Gas prices in metro Atlanta kept rising Friday as hundreds of workers struggled to fix an Alabama pipeline leak.

Colonial Pipeline, the Alpharetta-based company that operates the pipeline, said it expects to restart the broken line next week. Excavation around the damaged area began Friday after conditions allowed for safe work, the company said.

Colonial also raised the estimated size of the spill to as much as 336,000 gallons, up from 250,000 gallons earlier.

The average price of regular gas in metro Atlanta on Friday afternoon was up 13 cents a gallon from Tuesday, according to GasBuddy, which tracks gas prices across the country. Gasoline in this region averaged $2.29 a gallon, vs. $2.16 a gallon on Tuesday, before news of the pipeline leak emerged.

Gov. Nathan Deal has declared a state of emergency, but for the "limited purpose" of suspending caps on the hours fuel truck drivers can work. The move is intended to "ensure the uninterrupted supply" of gas while the pipeline is fixed, according to the order.

The leak shut down delivery of fuel through one of the two main lines running from the refineries of the Texas Gulf Coast to Atlanta and the northeast.

It remains uncertain how long the effects of the spill on prices will last.

GasBuddy listed a Texaco in Stockbridge as the most expensive gas in the area: $2.79 a gallon.

However, a number of gas stations are still selling gasoline for less than $2 a gallon. Several stations are still at $1.89, including a RaceTrac in Milton.

While Atlanta prices escalated, national prices have barely budged.

The spill is in an isolated area south of Birmingham.

More than 500 workers were working on the Colonial pipeline, but the company had not given a cause for the leak.

The longer the outage continues, the greater the effect in Atlanta, said Laskoski.

Colonial is one of two companies operating large pipelines from Gulf refineries, and the other company has not reported a problem, Laskoski said. “But the Colonial pipeline is the primary supplier to the metro Atlanta area,” he said.

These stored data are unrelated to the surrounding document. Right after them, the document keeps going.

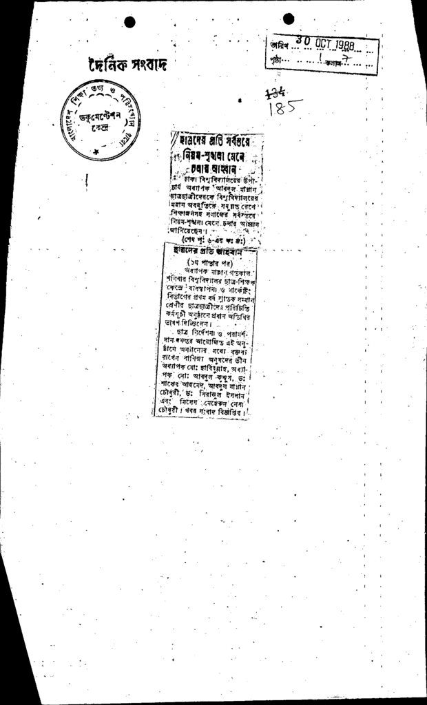 ছাত্রদের প্রতি সর্বস্তরে নিয়ম-শৃঙ্খলা মেনে চলার আহবান Published on Newspaper দৈনিক সংবাদ Category General Education General Education Higher Education Public Download
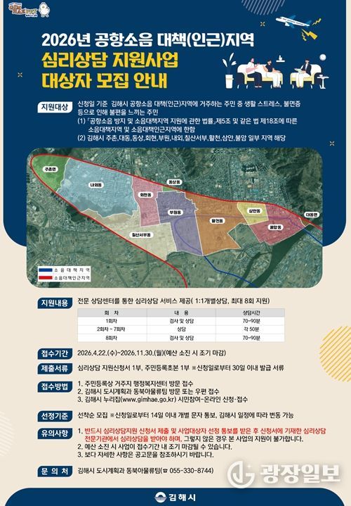 광장일보 주재영 기자 | 김해시는 공항소음 대책(인근)지역 주민을 대상으로 심리상담 지원사업 참여자를 모집한다고 22일 밝혔다.
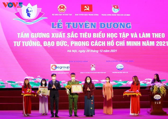Ngày 29/12, Bộ Giáo dục và Đào tạo phối hợp với Ban Tuyên giáo Trung ương, Trung ương Đoàn TNCS HCM tổ chức Lễ Tuyên dương tấm gương xuất sắc, tiêu biểu học tập và làm theo tư tưởng, đạo đức, phong cách Hồ Chí Minh năm 2021.
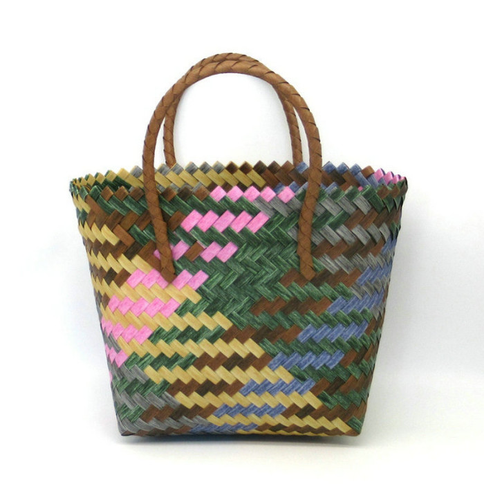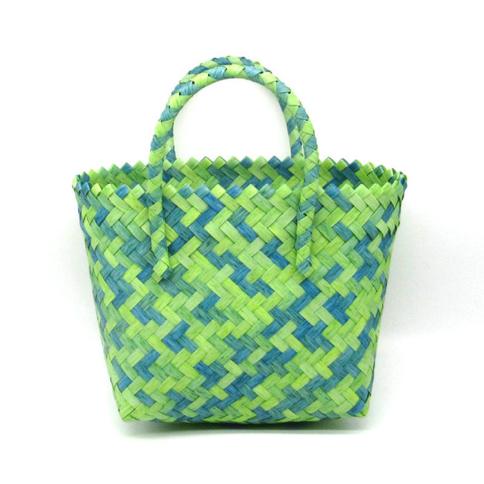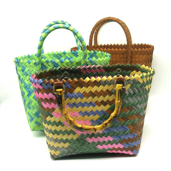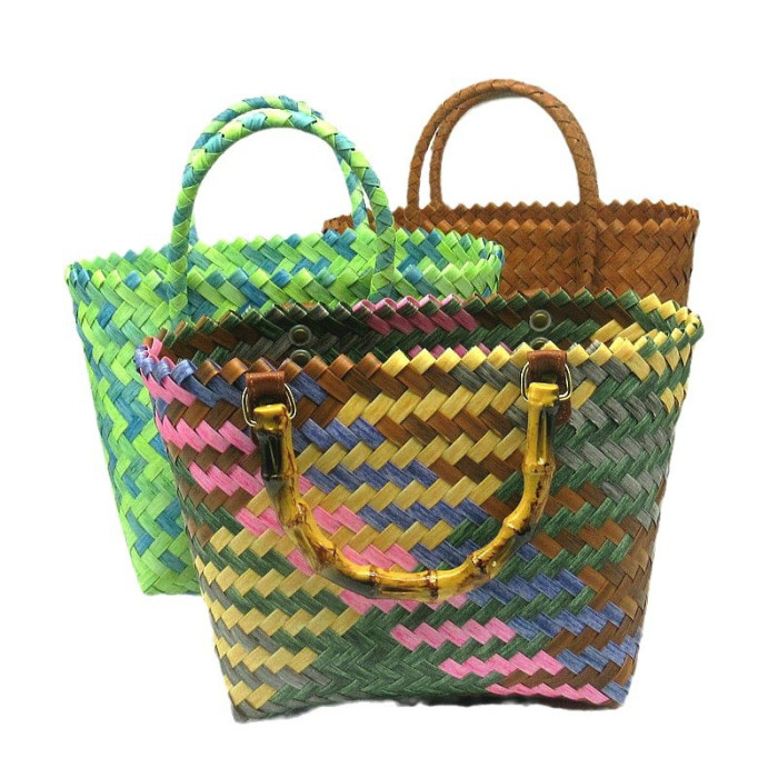 新款手工編織包手提籃子度假休閒女包防水塑膠沙灘包彩色手編包包

After Hurricane Katrina’s hammering of the Gulf Coast, pipelines stopped functioning and gasoline prices soared.

Two Colonial pipelines carry fuel from refineries near Houston east through Atlanta and then up the coast to New York. The second line is undamaged and Colonial says it has shifted some gasoline into that line.

“But that gas is being pumped along with diesel and jet fuel,” said Laskoski. “By definition, that has to reduce the capacity of that line for gasoline.”